Managing to grow

Antony at Open has been digging into some interesting questions about the changing nature of management and providing environments for leadership in a new world. The first post deals with the concept of ‘command and control’ being dead. The second talks Shona Brown’s contribution in exactly that area to how Google organises and manages itself.

The same issue is at the heart of Ken Robinson’s excellent new book The Element which I’m half way through at the moment.

Here perhaps is the best way to phrase it: If you were going to build a company tomorrow, which had to deal with both the current economic climate, and one which would be ready to take advantage of the growth that will undoubtedly follow our current worries, how would you do it? How would you structure it, what sort of market would you want to be in and so on.

At some point, the market will pick up. God knows when that will be, but when it does I think it’s reasonable to assume we will again experience rapid and transformational expansion with some big winners and big losers (althought the losers may not have to pay the price until the next bust).

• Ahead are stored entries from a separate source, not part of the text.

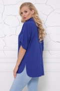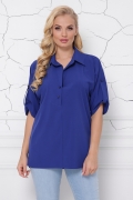 Блуза ботальная свободного силуэта с рукавом 3/4,"полулетучка"На рукаве хлястик на пуговице.Воротник рубашечный.,низ блузы с разным уровнем.По бокам разрезы с закруглениями.Длина р.48 и 50-96,5 см,р.52 и 54-97 см,р.56 и 58-97,5 см
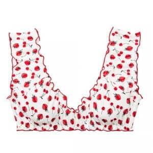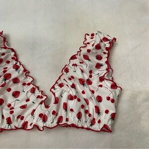 New! Frankie’s Bikinis x Pink Hudson Strawberry Print Ruffled Top 3736
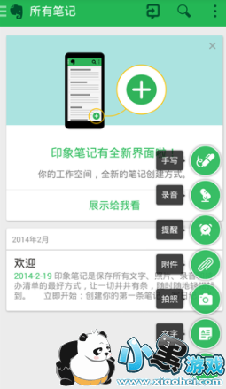 2.印象笔记首屏清新、简洁,让人心生好感。

Given this position, clearly most people would pick the right ingredients to cook with: the best and brightest staff, the latest technology, perhaps a nice office in a cool part of London or New York. The finance orientated would want to find some funding that wasn’t too immediately tied to results. And cetainly, we’d want to be in a market that wasn’t too subject to regulation, and perhaps – at first at least – not too subject to competition.

There are some other important details of course: nice corner office for yourself, and lets not forget the company jet (hopefully that will come back into fashion sooner rather than later).

The real question  and the one which Antony and Ken Robinson are talking about is how you would manage your team to enable both operational efficiency and innovation.

I believe the natural inclination is still to go for a model with several heads-of things, reporting lines, lots of objective setting, reporting and all that.

Are Cisco crazy when they say they are running their business through social networks? Are Google crazy when Shona Brown says the way to proceed is ‘is to avoid creating too much structure.’

Well let’s go back to the question ‘If you were going to build a company tomorrow…’ and now you can assume that no member of staff will ever make a mistake or come into the office feeling a bit lazy, or stop acting in the best interests of the company.

The idea of the ‘heads-of’ starts to look not just a bit like overkill, but also like it will stiffle the innovation which could be the difference between long-term success and failure (even as it enables the operational efficiency that delivers short-term success).

I know what you’re thinking: that’s just not realistic; our ‘top down’ methods are tried and tested.

In this post Mary Poppendieck talks about how we got to our current ‘tried and tested’ methods. These are the ‘tried and tested’ methods of Enron, of Lehman, of RBS. These are the command and control structures that will document, but not resolve, the demise of the major record labels and many national newspapers. Not a single person will be to blame but those companies will go out of business nevertheless.

We’ve seen these more loose and responsible methods already work in the most diverse of industries. In software manufacture (Agile) in product innovaton (3M) and in killing the US auto industry (Toyota).

What is the number one requirement to implement these more progressive, more responsive, more dynamic team structure? It’s not technology or infrastructure or even smart management teams. It’s the ability to have faith in (and to inspire conviction in) the whole team. It’s leadership by sharing responsibility, rather than leadership by detail.